No matter how the environmental conditions change, the TS plant permanently stores geothermal energy during the low-electricity-price periods and profits from the high-electricity-price periods to realize the peak shaving services. In terms of providing reserves to stabilize the fluctuation of the PV plant, Fig. 3 shows that the reserves provided by the HDR plant and TS plant under the cloudy condition are much more than those under other environmental conditions. This result indicates that the prediction error of the PV plant under cloudy condition increases and the power uncertainty intensifies, and the proposed HPS needs to prepare more reserve capacity to cope with more severe power fluctuations under the cloudy condition. Finally, the capacity allocation based on the complete CG strategy can meet the operation requirements of an HPS under four environmental conditions, which verifies the correctness and effectiveness of the proposed approaches and models.

D. Payoff Allocation of HDR-TS-PV Coalition

As mentioned above, the three players increase the total payoff of the proposed HPS in CG and meet the overall rationality. Then, the total payoff needs to be allocated to the coalition members reasonably and without bias to satisfy their individual rationality, thereby promoting the stability of the coalition. The stability of the HDR-TS-PV coalition is the premise for further analysis of the proposed HPS and the benefits of the players. We use the minimum core (ε-core) method to analyze the stability of the proposed HPS. The result of the stable core set is shown in the blue region in Fig. 4. The payoff distribution in the blue region can ensure that the three players are always willing to form a grand coalition, and the overall rationality of the corresponding HPS and the individual rationality of the players can be satisfied simultaneously.

Fig. 4  Stable core set and Shapley value.

The Shapley value is the fairest and most reasonable value of the payoff allocation among game players. It is based on the marginal contribution and is widely used in the payoff allocation of the CG approach [

30]. Table IV presents the payoff based on the Shapley value allocated to the players in the HDR-TS-PV coalition.

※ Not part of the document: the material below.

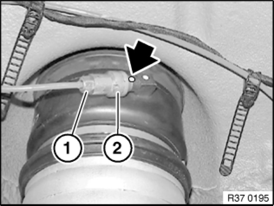 Carefully slacken banjo bolt (1) until the sound of escaping air can be heard. In so doing, grip residual pressure holding valve (2) to avoid damaging the seal paint (arrow).
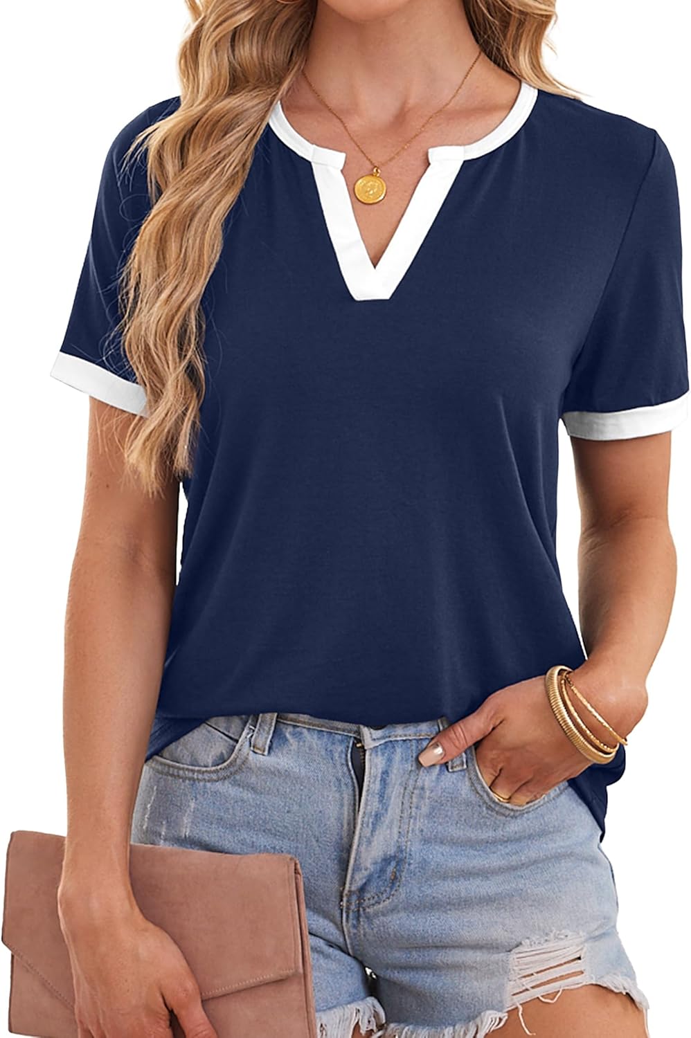 LilyCoco Women's Striped Shirt Short Sleeve Color Block Tops Notched Neck Summer Tee

TABLE IV  Payoffs Based on Shapley Value and Additional Profit
PlayerPayoff ($/year)Additional profit ($/year)
HDR plant 4717000 1057000
TS plant 349000 349000
PV plant 13384000 44000

As shown in Table IV, the payoff of the HDR plant is increased by 28.87%, whereas the TS plant achieves the profitability through the zero marginal cost of geothermal energy and excess PV power. The PV plant increases its payoff by 0.3% through cooperation. However, its output power satisfies the grid assessment requirements during 95% of the generation hours in the example scenario of this paper, thereby improving the grid-connection reliability.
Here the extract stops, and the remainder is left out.